Samples of cells were freshly prepared at a concentration of 250 × 103 cells/mL. The cells were washed twice with HBSS, centrifuged for 5 min at 1000 rpm and resuspended in the assay buffer. Graphite screen-printed electrodes were first cleaned using plasma cleaner for 20 min and linear sweep voltammetry measurements were carried out at potentials ranging from −1.2 V to 1.5 V vs. Ag/AgCl. The measurements were completed in triplicate at a volume of 70 μL and a scan rate of 100 mV/S. To determine a probable working range for the product pAP, serial dilutions of pAP, starting with 5 mM were prepared in the presence of 30 μL of sample mixed with 100 μM of pAPP. The linear sweep voltammetry was measured for each concentration at three separate electrodes. A free-pAP buffer was used as blank. A graph charting current response to concentration of pAP was prepared for regression analysis. The incubation time evaluation for ALP release was performed using 70 μL of a sample with 20 U/L of ALP activity mixed with 30 μL of pAPP 5 mM in buffer DEA and assessed at 5-min intervals over 60 min.
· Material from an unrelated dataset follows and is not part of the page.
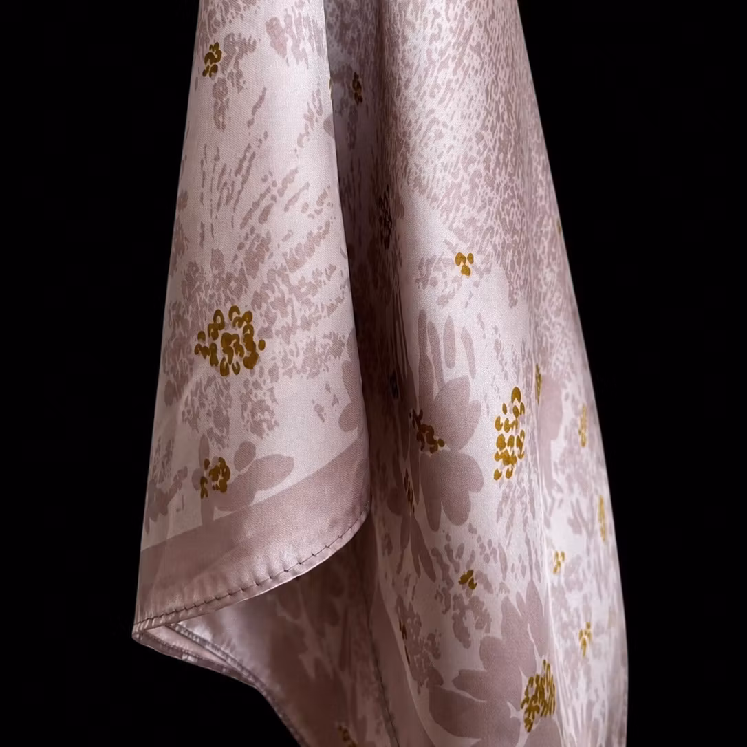 Et delikat og elegant pynteskjerf i en dus, lys rosatone som base, dekorert med et subtilt mønster i enda lysere nyanser. De vakre blomsterdetaljene i myke brun- og gråtoner tilfører et naturlig og harmonisk uttrykk.
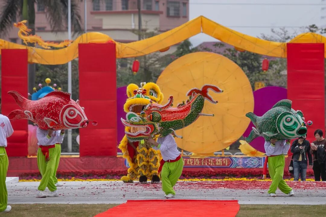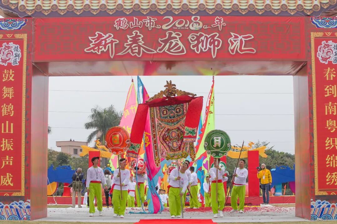 ▲2018年2月17日上午,在鶴山市首屆“龍獅匯”大型民俗賀新春活動中進(jìn)行金龍展演

NaOH (30 μL of 1 M) was added in order to stop the reaction. The reaction time was fixed to 10 min, and the activity of the sample was assessed with different concentrations of substrate range (5, 2.5, 1.25, 0.63, 0.31, 0.16, 0.08, and 0.04 mM pAPP). The optimal concentration of substrate obtained was used in a calibration plot of ALP release. The sample was spiked with various concentrations of ALP (calf intestinal phosphatase) at a range of 1–1500 U/L.

2.5. Linearity Performance of ALP Release vs. Cell Number

In order to complete a linearity trend of ALP release versus current density, different concentrations of cells were used (250, 125, 63, 31, 16, 8, and 3 × 103 cells/mL). The cells were incubated in the assay buffer for 10 min before measurement. Linear sweep voltammetry was applied in triplicate in three separate graphite-SPEs at a final volume of 70 μL, against a free-pAPP buffer that was used as a blank. We measured it at 100 mV/S and a potential range from −1.2 V to 1.5 V versus the reference of Ag/Ag/Cl. A graph relating the concentration of cells to the current density was prepared for regression analysis.
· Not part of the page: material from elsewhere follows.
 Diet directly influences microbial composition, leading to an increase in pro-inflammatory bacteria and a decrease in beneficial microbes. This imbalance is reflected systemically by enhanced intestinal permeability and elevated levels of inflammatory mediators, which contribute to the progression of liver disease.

2.6. Concentration of the Substrate pAPP from Adhesion Cells

Adherent cells have different responses from non-adherent cells in terms of releasing ALP. Therefore, the concentration of substrate pAPP needed to be assessed in order to allow for real-time monitoring of ALP. The serial dilution of pAPP, starting with 5 mM, was carried out in the range of 5, 2.5, 1.25, 0.60, 0.30, 0.16, 0.08 and 0.04 mM in the assay buffer. The range of diluted pAPP was incubated with cells for 10 min. The electrochemical assay was applied with a final volume of 70 μL against a free-pAPP buffer as blank. A graph relating the concentration of pAPP to current density fit by non-linear regression analysis to the Michaelis-Menten model for each cell line was completed.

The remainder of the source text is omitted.